Sorry if you already know this, but it seems to me that i remember you saying you don;t bake at all, so i thought to explain it. 

But keep in mind there are wonderful deserts that are not cakes.  a brisee is something you would already be doing in a quiche or other salty food.  tarte tatin is one use of a brisee, and some actual stovetop cooking methods (caramelizing) - then baked.  Some form of topfen palatchinken are also very much "cooking" rather than baking techniques - crepes, beaten eggs with topfen cheese, etc.  Bavarian cream.  Tarte with brisee crust, bavarian cream inside, strawberries on top and melted redcurrant jelly on that.  just some that come to mind. 

And yes, as sparkie says, the last thing you go home with after a restaurant meal is the taste of the desert in your mouth.  that will be the crowning glory or the sense of vague disappointment!


----------



## sparkie (Feb 12, 2011)

Now that's the reality of this situation in the three posts above my previous one. The ideal that any professional kitchen( bake shop et al) ought to be producing their cakes " from scratch" is something I think that we all can agree on. As with many other times in this wonderful cyber place, I'm on Siduri's side of the fence. The OP is a gripe that has fallen from my lips many times in this life. With plenty of agreement from anyone who cared to listen. In spite of the remaining idealism they hasn't yet been beat out of me, I see a few things happening here.

1) The world we live in has largely grown up in the lap of convenience.
2) The companies that make good box/ mix cakes have figured out the formulas to the point that they can deliver convenience and quality at a reasonable cost.

I forget who mentioned this earlier, but the sad fact of the matter is, that oUr pallates have grown accustomed to mix cakes amongst a great many other convenience and processed foods. There is no amount of culinary expertise, execution, nor innovation that can compete with the flavors that we grew up with. I can make a passable yellow cake, haven't had much luck with chocolate though.

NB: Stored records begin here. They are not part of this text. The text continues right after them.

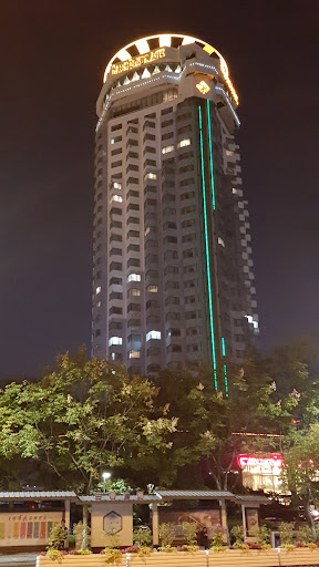 Hotel with fairly anonymous decor and lobby||Room quite spacious and clean apart from the carpet that acts as a dirt collector, there is a desk, 2 chairs and a mini bar.||Unfortunately there is space to place only one suitcase.||Quite spacious and comfortable bed||TV with channels almost exclusively in Chinese as in almost all hotels in China||Hotel WIFI almost unusable without a VPN but this is common to all hotels in China||Sufficient room lighting||Clean and renovated bathroom compared to the room, bathtub with curtain (unfortunately)||View from the room on the city which at sunset is not bad||||An important feature of the hotel is the restaurant on the top floor which rotates and offers a 360 degree view of the city. The food is also good with a large choice of meat and fish||||||Rooms rating 6.5||Bathroom rating 6.5||Cleanliness rating 6||Position...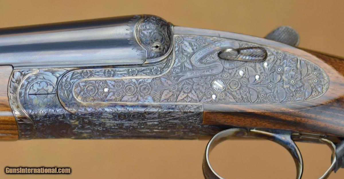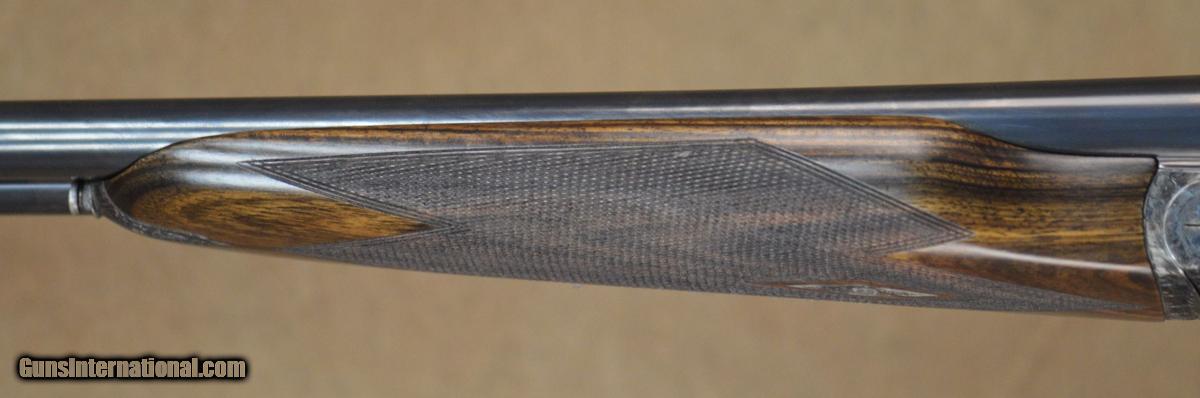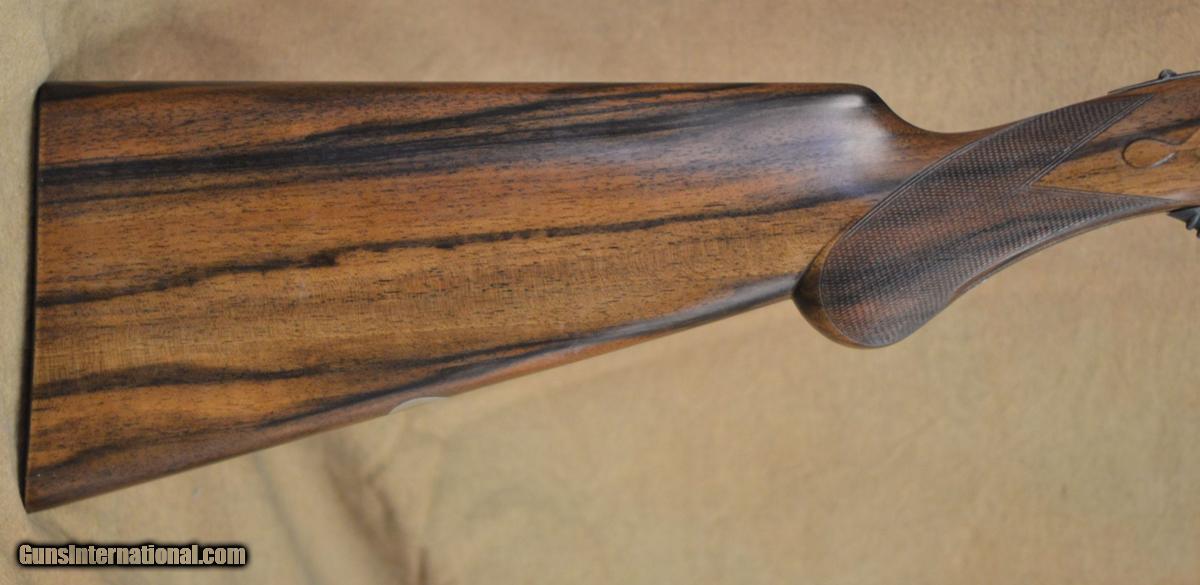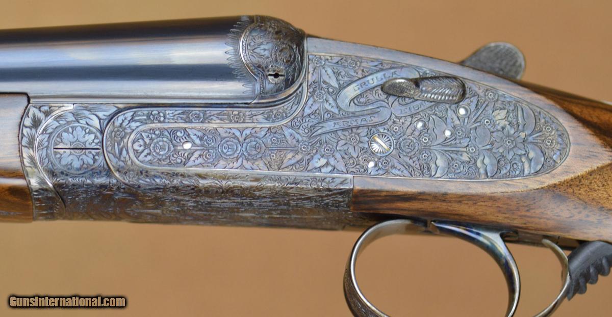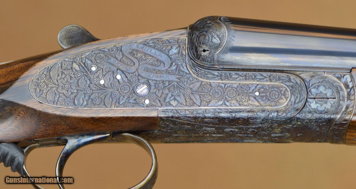 Description: New Matched Pair of Grulla 215 Game Guns, 20 Bore with 30" fixed choke (IC/M) barrels. Each gun features a single trigger, case-color hardened Square actions with hand-detachable side-locks, English Rose & Scroll engraving. Outstanding factory Prince-of-Wales pistol grip stocks to checkered butts and full beavertail forearms. Imported and configured by Pacific Sporting Arms. Includes factory leather motorcase. SOLD |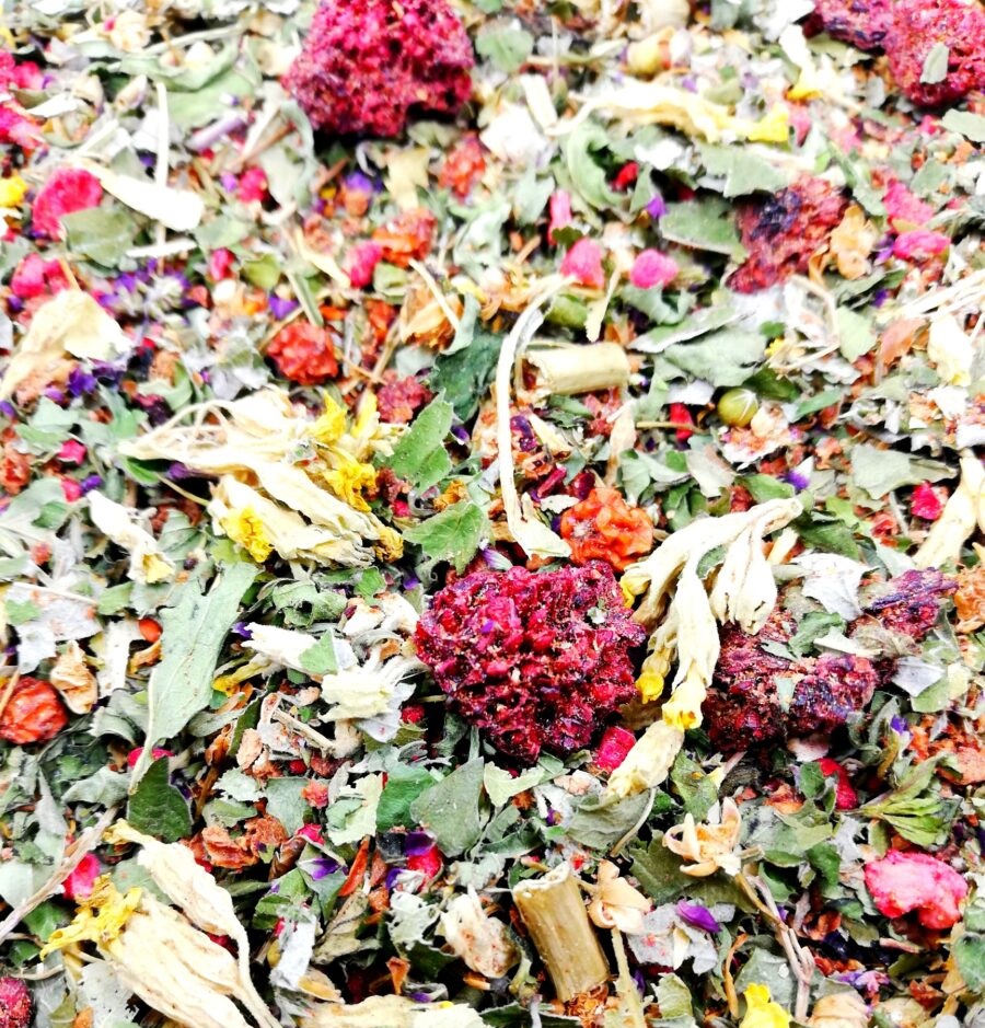 Koostisosad: pihlakamari, vaarikaleht ja – mari, pärnaõis, põdrakanepileht, pune, õun, piparmünt, nurmenukuõis, nõmm – liivatee, külmkuivatatud vaarikamari.
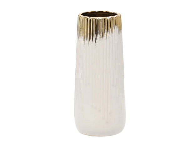 This gold-and-white ceramic vase stands out with its clean shape and luxurious metallic accent. It pairs effortlessly with modern, minimalist, and glamour styles, becoming a striking feature on a dining table, shelf, or coffee table. Thanks to its sturdy ceramic construction, it is stable and suitable for fresh flowers as well as decorative branches.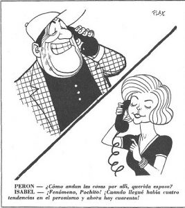 - Mover la Dama- El mismo sentido tuvo en 1966 el viaje a la Argentina de Isabel Martínez, para incidir en las elecciones provinciales de Mendoza, donde Augusto Vandor impulsaba un peronismo sin Perón. La candidatura peronista de Ernesto Corvalán Nanclares permitió que los demócratas conservadores ganaran la elección provincial, pero liquidó el proyecto vandorista encarnado por Alberto Serú García. Apenas dos meses después un nuevo golpe derrocó al gobierno radical de Arturo Illia, para impedir una victoria nacional del peronismo en las próximas elecciones presidenciales.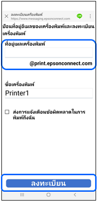 กรอกที่อยู่อีเมลของเครื่องพิมพ์และเลือก [การลงทะเบียน].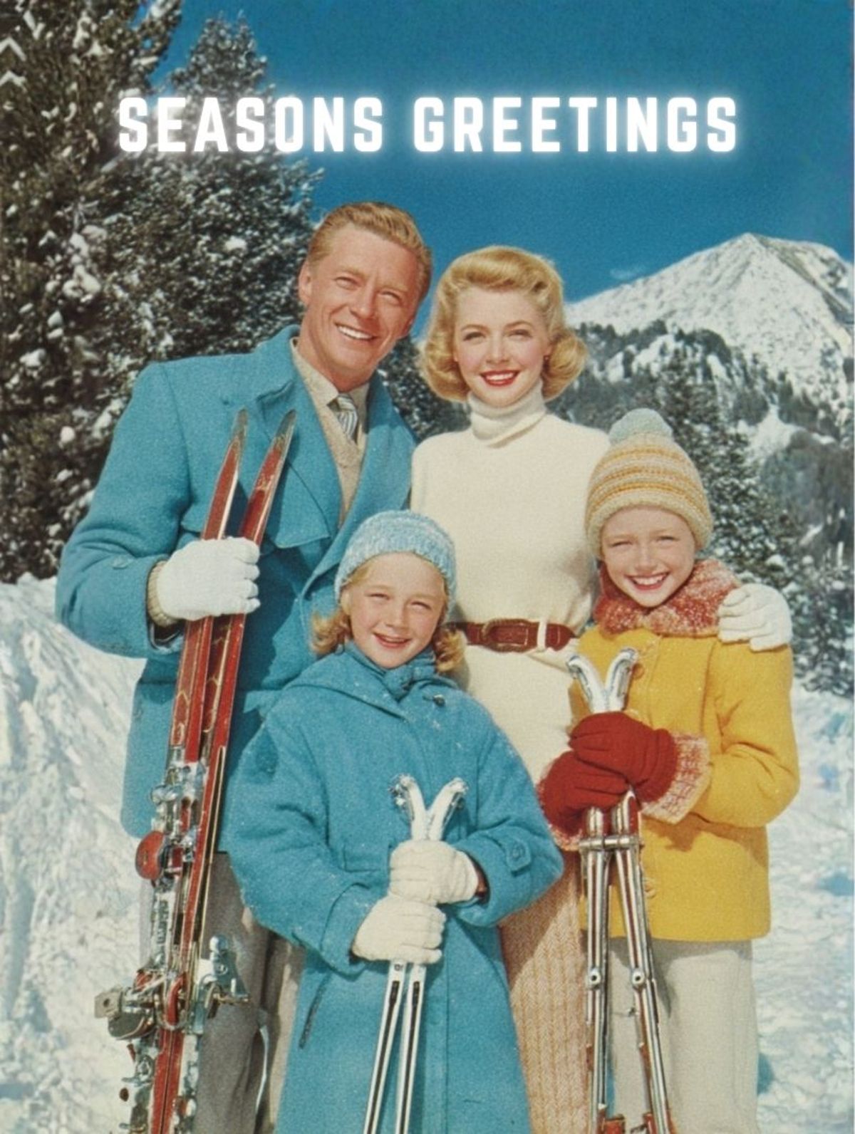 Swap your faces into this vintage ski scene and send season's greetings with enough alpine charm to melt even the frostiest relatives.

But for me, my favorite chocolate cake is the mix that advertises a cup of pudding in every cake. Can't remember if that's Duncan or Crocker. And don't get me started on Manwich Bold. Where I am currently employed, everyday at least one party brings a cake for us to serve to the table. I have tasted the vast majority of them. The vast minority of people want to take the rest home. Never understood that, but that's how it is here. I can't prove it but I think I can, with great accuracy, decipher box cake from scratch cake. What I've found, to my taste is that I seriously question why some of these cake places even bother with making their own. It's to the point where if you can't produce something similar to the box cake you have failed. These box companies have spent years and $$$ not only on perfecting their formulas, but also marketing them to make them the standard of cakes. 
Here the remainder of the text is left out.